A análise que o FMI publica esta sexta-feira é marcadamente mais otimista que as que tem vindo a fazer, em especial desde o início da crise. Ainda assim, esta não deixa de fazer alguns avisos para o futuro.

Desde logo, o FMI avisa que Portugal tem de aproveitar o bom momento da sua economia e nas suas contas públicas para colocar as suas contas públicas em ordem, especialmente no que à sua dívida pública diz respeito, já que a dívida continua a estar próxima de 130% do PIB, um valor muito elevado face aos 60% de referência do Tratado de Maastricht e do acordo para entrar na zona euro.

As condições agora são, de facto, melhores, diz o Fundo, mas as baixas taxas de juro são também o efeito das medidas de estímulo do Banco Central Europeu, algo que não dura para sempre. Quando as medidas começarem a ser retiradas, diz o FMI, as condições de financiamento de Portugal não serão tão favoráveis e a oportunidade pode perder-se.

Por isso, e porque é necessário um controlo estrutural e duradoura das finanças públicas, estes esforços devem ser feitos agora e devem focar-se em reformas para melhorar a eficiência da despesa pública. Esta seria uma forma de melhorar as contas públicas mais amiga do crescimento e que “ajudaria a reforçar a perceção dos investidores da previsibilidade do regime fiscal durante o horizonte temporal do seu investimento”. Ou seja, com as contas em ordem, os investidores teriam menos receio que os impostos subissem para tapar buracos no orçamento, à semelhança do que aconteceu no passado, com governos das várias cores e bandeiras políticas.

Limpar balanços dos bancos e aumentar capital

Há também ainda muito para fazer para melhorar a situação dos bancos portugueses apesar dos progressos já alcançados. Segundo o FMI, os bancos continuam a ser pouco rentáveis, a ter ativos com baixa qualidade – em particular empréstimos a empresas – e rácios de capital limitados.

O Fundo defende que a redução dos custos operacionais dos bancos – que reduziram pessoal e cortaram agências, por exemplo – não foram suficientes para recuperar a rentabilidade perdida com as baixas taxas de juro e as perdas elevadas com o malparado, por isso é preciso fazer mais.

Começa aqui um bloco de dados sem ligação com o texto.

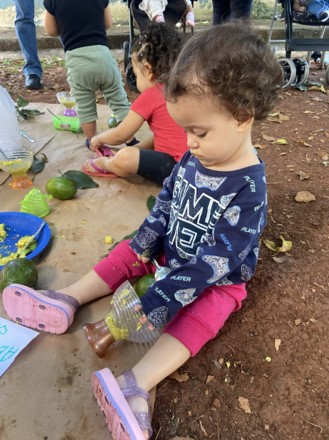 Nossas pequenas Maria e Isis, além de se deliciarem com o abacate amassadinho, surpreenderam ao cuidar dos amigos menores, oferecendo o alimento com gestos cheios de carinho. Perto dali, Heitor se encantava com as folhas do abacateiro, balançando-as e observando seus movimentos.

E o que é esse mais? Melhorar os balanços, limpando de forma mais abrangente o malparado e promovendo uma redução da dívida das empresas. Para isso, defende o FMI, as autoridades deviam desenhar um plano credível e calendarizado para a limpeza destes ativos dos balanços dos bancos, seja através do reconhecimento de imparidades, da reestruturação dos empréstimos ou da venda a outras instituições.

A instituição até já fala da solução para o malparado que está a ser desenhada pelos bancos com o apoio do Governo, dizendo que pode ser uma iniciativa importante, mas que precisará de ser acompanhada por mais medidas do lado dos bancos, que inclui cortar ainda mais nos custos operacionais e aumentos de capital.

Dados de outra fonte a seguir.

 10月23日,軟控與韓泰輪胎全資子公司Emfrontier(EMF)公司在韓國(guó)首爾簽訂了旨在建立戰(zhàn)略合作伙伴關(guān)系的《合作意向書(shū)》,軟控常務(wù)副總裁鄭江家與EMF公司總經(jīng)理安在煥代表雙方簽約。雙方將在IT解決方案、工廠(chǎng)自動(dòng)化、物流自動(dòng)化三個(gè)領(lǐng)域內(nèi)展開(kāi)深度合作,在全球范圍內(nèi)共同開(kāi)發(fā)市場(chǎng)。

Insistência em flexibilizar o mercado de trabalho

Outra das preocupações, uma já habitual, é a necessidade de fazer reformas estruturais para aumentar o crescimento no médio prazo. É verdade que o FMI está consideravelmente mais otimista nas previsões que faz para este ano, mas o otimismo para o próximo ano é mais moderado. O FMI espera que a economia cresça 2%, ligeiramente mais que a previsão do Governo de abril (1,9%), ainda assim menos que o crescimento esperado para este ano.

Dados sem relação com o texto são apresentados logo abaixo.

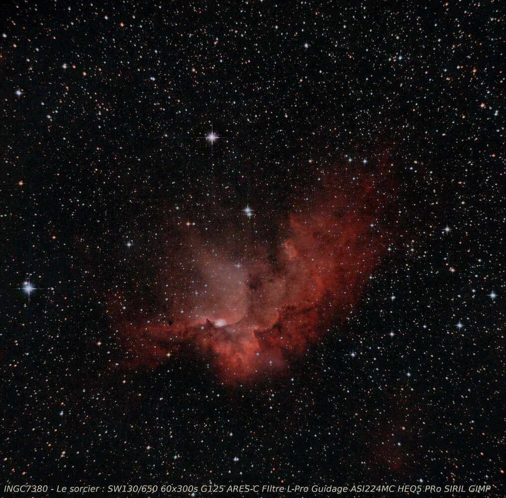 Vu les critiques acerbes de @C14edgeHD, je suis obligé d'être transparent !!! (Humour ) Voici sorti traitée SIRIRL, extraction Gradient, colorimétrie, transformation ASINH et légère montée histogramme Ensuite voici la starless directement équivalent Ici le traitement avec uniquement une diminution d'étoile, si ça ne convient toujours pas à MONSIEUR, c'est que ma légère montée en histogramme dans SIRIL est déjà trop grande... dans ce cas, je te mets le fichier directement sortie empilement et tu fais ce que tu veux avec MDR! (j'avoue un peu de saturation en plus, mais rien de plus ! Evidemment à prendre avec humour je préfère avoir des avis et comprendre les points de vue. NGC7380_le Sorcier_60x300x_G120_ARES-C_21_08_2023.fit -

A razão é que o Fundo entende que é preciso aproveitar as condições cíclicas favoráveis para fazer reformas que tornem este crescimento estrutural. Ou seja, é preciso fazer mais para aumentar o investimento e a produtividade. O investimento até está a crescer e a ajudar a economia a crescer mais, mas para o crescimento potencial aumentar no médio prazo, diz o FMI, “os níveis de investimento teriam de crescer substancialmente”.

E como se aumenta o investimento? Com uma receita antiga do Fundo: uma maior flexibilização do mercado de trabalho, que alinharia os aumentos de salários ao aumento da produtividade, que permitiria a Portugal tirar vantagem das pessoas com elevadas qualificações que estão a entrar no mercado de trabalho, mas mantendo a competitividade.

Mas não é só no mercado de trabalho que o Fundo insiste na necessidade de reformas. Também a ineficiência na justiça é um problema, assim como a complexidade da legislação que regulamenta o funcionamento das empresas em Portugal.